Les volumes concernés par les dragages d'entretien deviennent de plus en plus importants. Par année, les volumes mobilisés par les ports de Rouen et du Havre concernent aujourd'hui plusieurs millions de m3 et devraient s'accroître. Ils dépassent d'ores et déjà largement les volumes qui atterrissent dans l'estuaire sur la même période. Leur extraction, leur enlèvement, voire leur dépôt dans d'autres zones de l'estuaire ou à l'extérieur (Octeville), sont de nature à contribuer largement au façonnage morphologique de celui-ci. C'est pourquoi le plan de réhabilitation de l'estuaire doit s'attacher à prendre aussi en compte la gestion des dragages d'entretien par les deux ports. Par ailleurs, la qualité du matériel dragué sera différente selon le site et le moment de l'année à dominante largement sableuse à l'engainement, de nature plutôt vaseuse dans la zone de Rouen et dans le nouveau chenal d'entrée à Port 2000. La contamination des boues sera donc différente et méritera une gestion particulière selon son niveau.

Une action cohérente et globale.
Le comité recommande à l'Etat de prendre en compte le fait que ce milieu spécifique a un comportement complexe et global. Tout aménagement ou modification de rejet effectué dans son sein a des répercussions sur son évolution. D'autre part, il suggère de conserver les éléments naturels existants et fonctionnels pour ne pas avoir à reconstruire, cette action constituant une dépense largement supérieure à la première.

Cette démarche doit se faire dans un cadre réglementaire explicite et clair en évitant la superposition des protections et en s'appuyant sur des engagements européens et internationaux stabilisés. Elle doit figurer dans les objectifs fondamentaux de la Directive Territoriale d'Aménagement de l'estuaire de la Seine en cours d'élaboration. L'estuaire de la Seine a vocation à être un estuaire de référence pour l'action économique et écologique de notre pays.

Il demande dans les meilleurs délais et au plus tard avant le début de tous travaux dans l'estuaire, la mise en place d'une instance de pilotage qui définira les orientations et objectifs de gestion. Il considère que c'est l'étape indispensable afin de prouver la bonne volonté des différents partenaires de l'estuaire. Il souhaite que ceci s'effectue avec l'appui d'un comité scientifique. C'est dans ce cadre qu'il préconise la mise en place d'une coordination plus étroite entre les principaux acteurs intervenant sur l'estuaire. Cette coordination doit être envisagée dans un cadre interrégional île de France, Basse et Haute Normandie.

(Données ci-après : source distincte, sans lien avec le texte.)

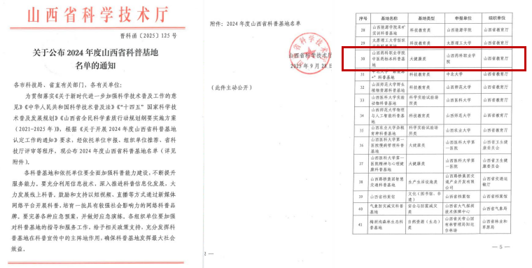 近日,在科研服务中心统筹牵头,宣传统战部、中药系、药学系、食品系通力协作下,sunbet申搏申报的“中医药标本科普基地”(大健康领域)顺利通过山西省科技厅评审,正式获评2024年度山西省科普基地。
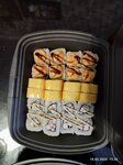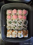 Решила заказать на ДР роллы и пиццу. Жаль фото пиццы не сделала... Начну про роллы, они все разного размера, не сказать что вкусные, так себе, на 3. Кое где нори отходило от риса... Комплимент пицца-ролл вообще отстой, тесто резиновое, начинка деревянная. Походу старая колбаса/ветчина/бекон (так и не понятно что внутри). Заказала 2 пиццы 25 см, сырную и барбекю. Сырная пресная, барбекю походу вкусная, быстро съели)) в подарок сделали пиццу "Цезарь с курицей". Ребята, научитесь резать пиццу на равные куски. Это блин жесть как она была разрезана. Вместо 8 кусков (как должно быть как бы) их было 6! Вообщем я расстроилась, от качества вашей продукции, от комплиментов вашей компании. Не буду у вас больше ничего заказывать. Твёрдая 2.
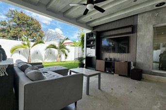 Propiedad unifamiliar de alto nivel ubicada en un exclusivo residencial cerrado de baja densidad, compuesto por solo 7 unidades, en el sector Las Carmelitas, una de las zonas con mayor estabilidad y valorización residencial en Santiago. Características generales: Solar: 644 m² Construcción: 520 m² Diseño funcional que prioriza amplitud, privacidad y una adecuada distribución entre áreas sociales, familiares y de servicio Distribución interior: ?? Segundo nivel: 4 habitaciones, cada una con baño integrado y walk-in closet Family room de uso privado Oficina independiente, ideal para trabajo desde casa. ?? Primer nivel: Recibidor formal Medio baño para visitas Doble sala, permitiendo ambientes sociales independientes Cocina fría y cocina caliente Área de lavado independiente Cuarto de almacenamiento Habitación de servicio con baño Área exterior: Terraza doble techada, ideal para actividades sociales Piscina privada Baño completo exterior Espacio diseñado para entretenimiento sin interferir con las áreas internas

Le comité d'experts propose que la totalité de la somme consacrée par le port du Havre au niveau des mesures compensatoires soit utilisée comme une mise de fonds permettant d'entreprendre une première phase de réhabilitation du système estuarien.

Il recommande à l'Etat de créer une source pérenne de moyens financiers permettant d'assurer à long terme l'entretien des espaces subsistants et réhabilités.
Enfin, il demande que soit mis en place un suivi, une évaluation en continu de l'évolution de l'estuaire afin de rectifier les interventions Si nécessaire.